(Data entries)

_____

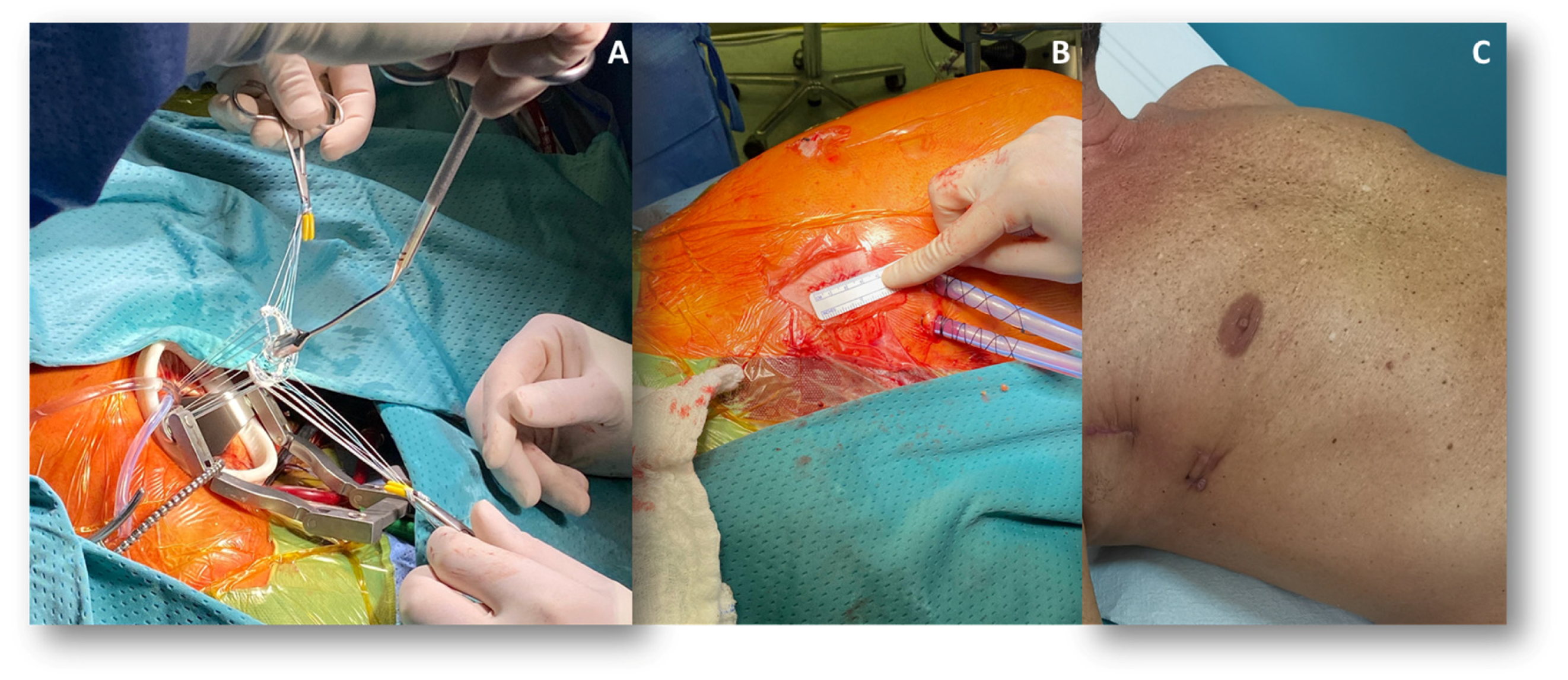 Figure 1. Minimally Invasive Mitral Valve Repair via Right Mini-Thoracotomy. (A) shows the positioning of a mitral annuloplasty band through right mini-thoracotomy access. (B) depicts the final result of the repair with drains in place and the incision sutured following removal of the retractor and surgical instruments. (C) illustrates the final surgical scar, demonstrating a superior cosmetic outcome compared with median sternotomy and reduced impact for the patient.
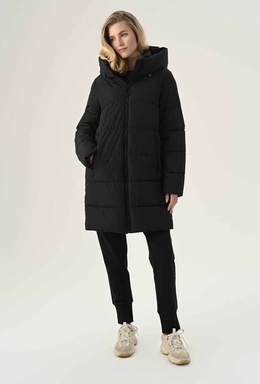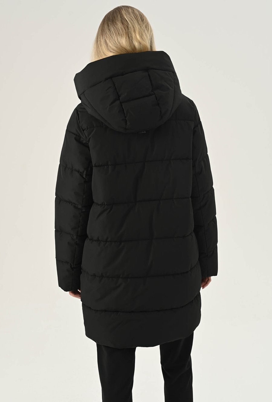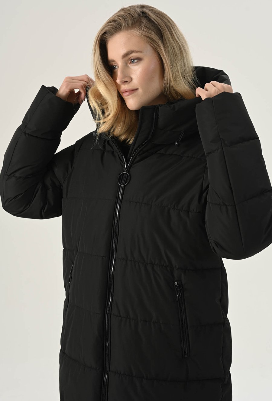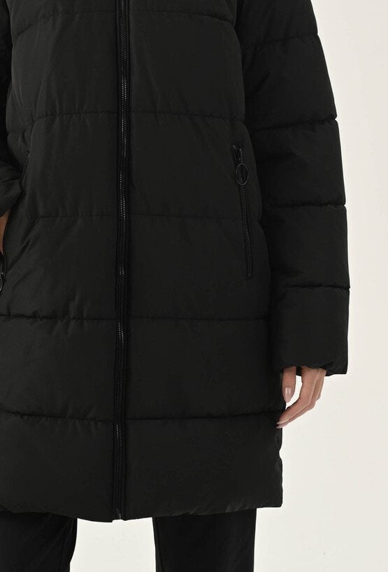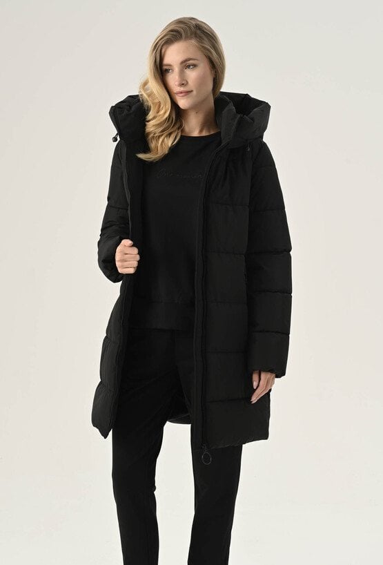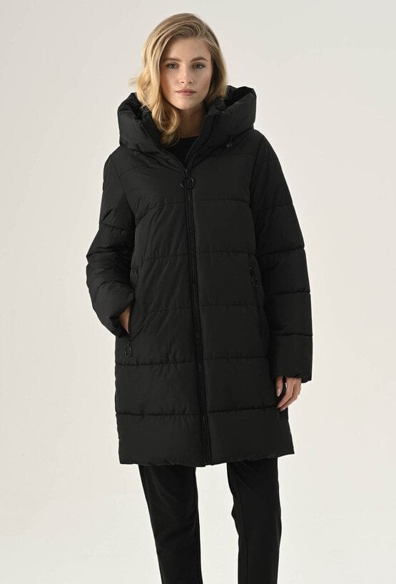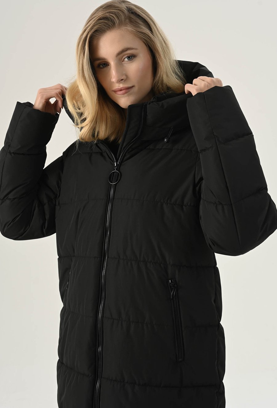 Czarna, ciepła kurtka o prostym kroju z kapturem, idealna na chłodne dni. Kurtka zapinana jest na zamek z ozdobnym kołem, co zapewnia wygodę i dodatkową ochronę przed chłodem. Posiada dwie praktyczne kieszenie, idealne na drobiazgi lub ogrzanie dłoni. To doskonały wybór dla kobiet ceniących połączenie funkcjonalności i elegancji — sprawdzi się zarówno w codziennych, jak i bardziej stylowych zestawach. Modelka na zdjęciu ma 177 cm wzrostu i prezentuje rozmiar 36/S.
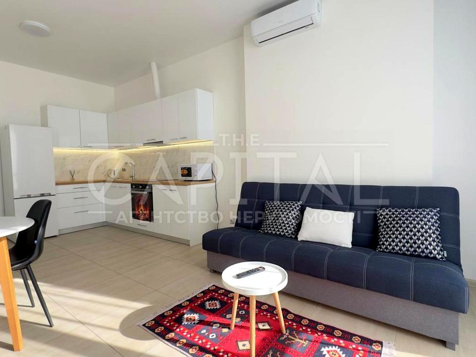 - Простора кухня-вітальня з розкладним диваном;
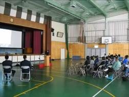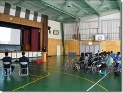 生徒たちは黙って、体育館に避難しました。
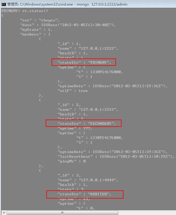 追加好了之后,我们使用rs.status()来查看下集群中的服务器状态,图中我们可以清楚的看到谁是主,还是从,还是仲裁。
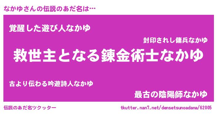 | ヒーロー風カッコイイあだ名 | 『天空の使者なかゆ』『天弓騎士ナカ』 |
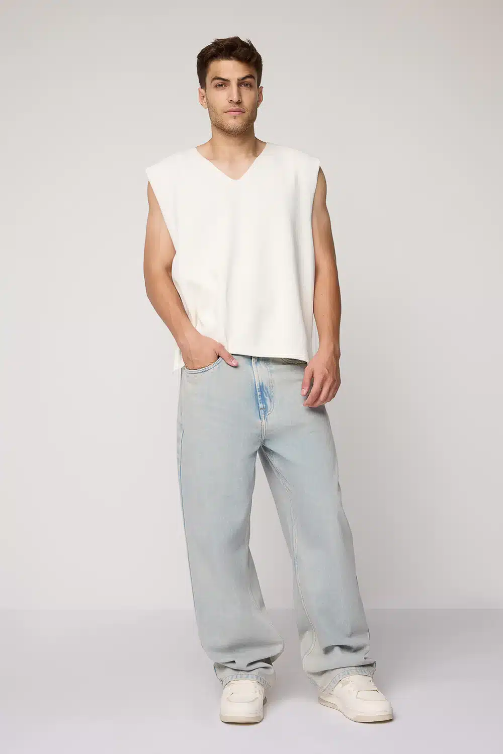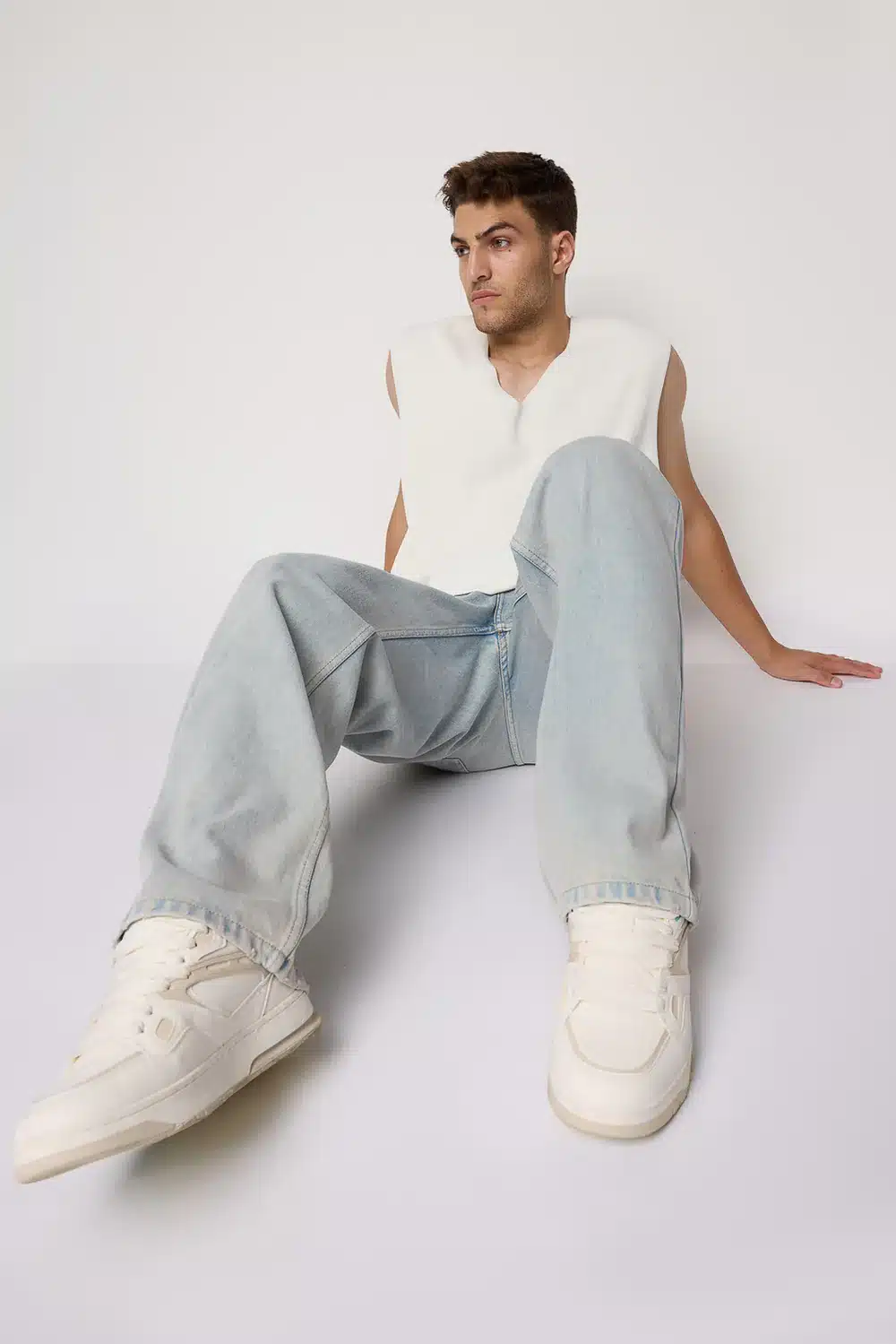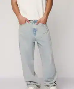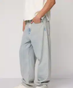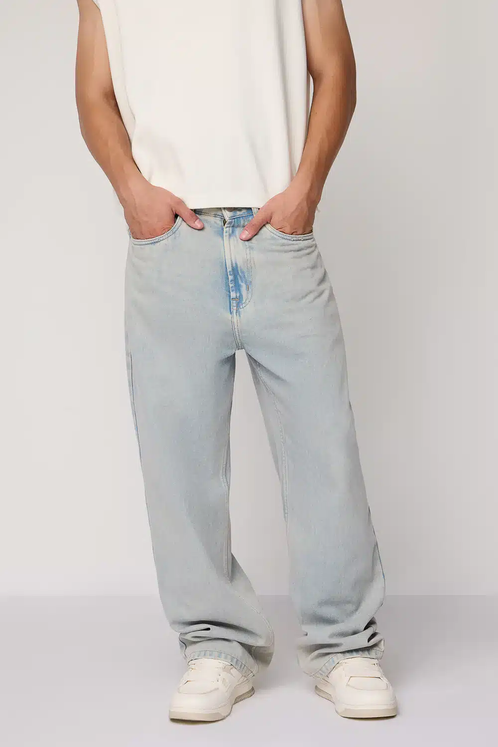 Blue Light Washed Relaxed Baggy Jeans for Men. Designed for those who appreciate roomier silhouettes, these jeans offer a relaxed fit with a generous cut through the thighs and legs, making them the ideal pick for casual days, skate-inspired outfits, or simply lounging in style. The light blue wash adds a fresh and vintage touch, creating a versatile base that works with everything from neutral tees to bold graphic tops.
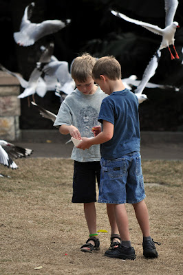 Today we went to South Bank to ride on the 'Wheel of Brisbane'. It is kind of like the London Eye but smaller. We went with friends who had a coupon for a half off. When we got there it was closed, so after all that we didn't get to ride anyway. It didn't really matter. It was a beautiful day and the kids ran around happily chasing birds and each other and we sat in the sun and chatted. It was a lovely way to spend a day. You can see in Levi's eyes that he is still tired and we are both getting better but not quite there with the jet lag thing!
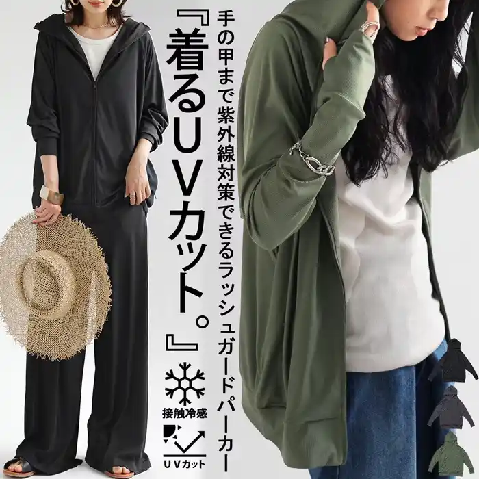 接触冷感素材を使用し、羽織るだけで紫外線対策ができる高機能パーカー。
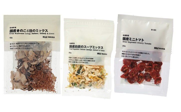 「乾燥野菜 国産きのこ4種のミックス」(15g)、「同 国産白菜のスープミックス」(30g)、
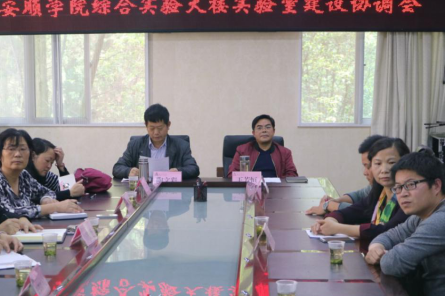 2016年4月19日下午,安顺学院综合实验大楼实验室建设协调会议在行政办公楼二楼会议室召开。安顺学院党委副书记陶文彩、副院长王芳恒、党委委员支敏出席会议,改扩建工程领导小组成员参加会议。会议由安顺学院党委副书记陶文彩主持。
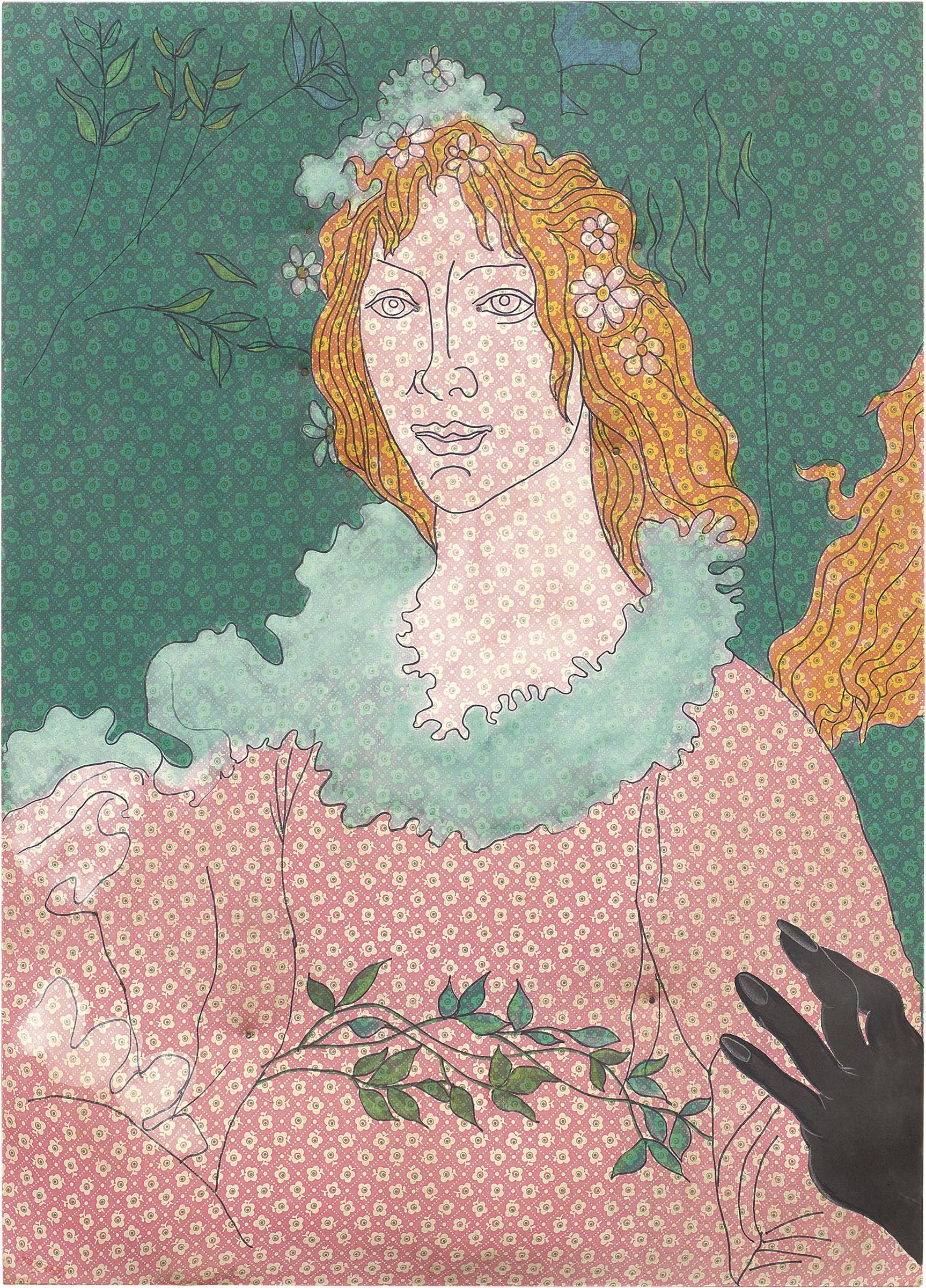 Cesare Tacchi Roma 1940 Primavera (Ritratto), 1966 Acrilico su tessuto a rilievo applicato su tavola, cm. 127x89 Titolo, firma e data al verso: "Primavera" / (Ritratto) / Cesare Tacchi 1966 / Sandro Botticelli n. 2. Foto autenticata dall'artista con etichetta Studio Soligo, Raccolta delle Opere d'Arte, Roma, con n. RMS 66120043.
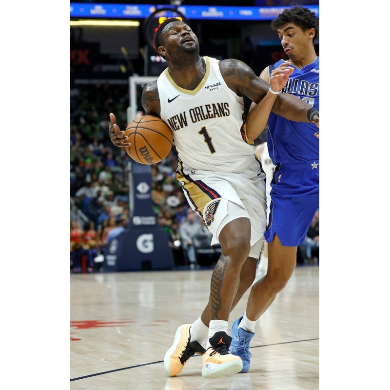 Zion Williamson from New Orleans Pelicans last game against Dallas Mavericks played in Jordan Zion 4 basketball shoes.

_____

- ACTIVITY
Please set down the lines from the one with "接触冷感素材を使用し、羽織るだけで紫外線対策ができる高機能パーカー。" to the end of the entries above, exactly as they are, and drop every picture.

- RESPONSE TO THE TASK
 接触冷感素材を使用し、羽織るだけで紫外線対策ができる高機能パーカー。
 「乾燥野菜 国産きのこ4種のミックス」(15g)、「同 国産白菜のスープミックス」(30g)、
 2016年4月19日下午,安顺学院综合实验大楼实验室建设协调会议在行政办公楼二楼会议室召开。安顺学院党委副书记陶文彩、副院长王芳恒、党委委员支敏出席会议,改扩建工程领导小组成员参加会议。会议由安顺学院党委副书记陶文彩主持。
 Cesare Tacchi Roma 1940 Primavera (Ritratto), 1966 Acrilico su tessuto a rilievo applicato su tavola, cm. 127x89 Titolo, firma e data al verso: "Primavera" / (Ritratto) / Cesare Tacchi 1966 / Sandro Botticelli n. 2. Foto autenticata dall'artista con etichetta Studio Soligo, Raccolta delle Opere d'Arte, Roma, con n. RMS 66120043.
 Zion Williamson from New Orleans Pelicans last game against Dallas Mavericks played in Jordan Zion 4 basketball shoes.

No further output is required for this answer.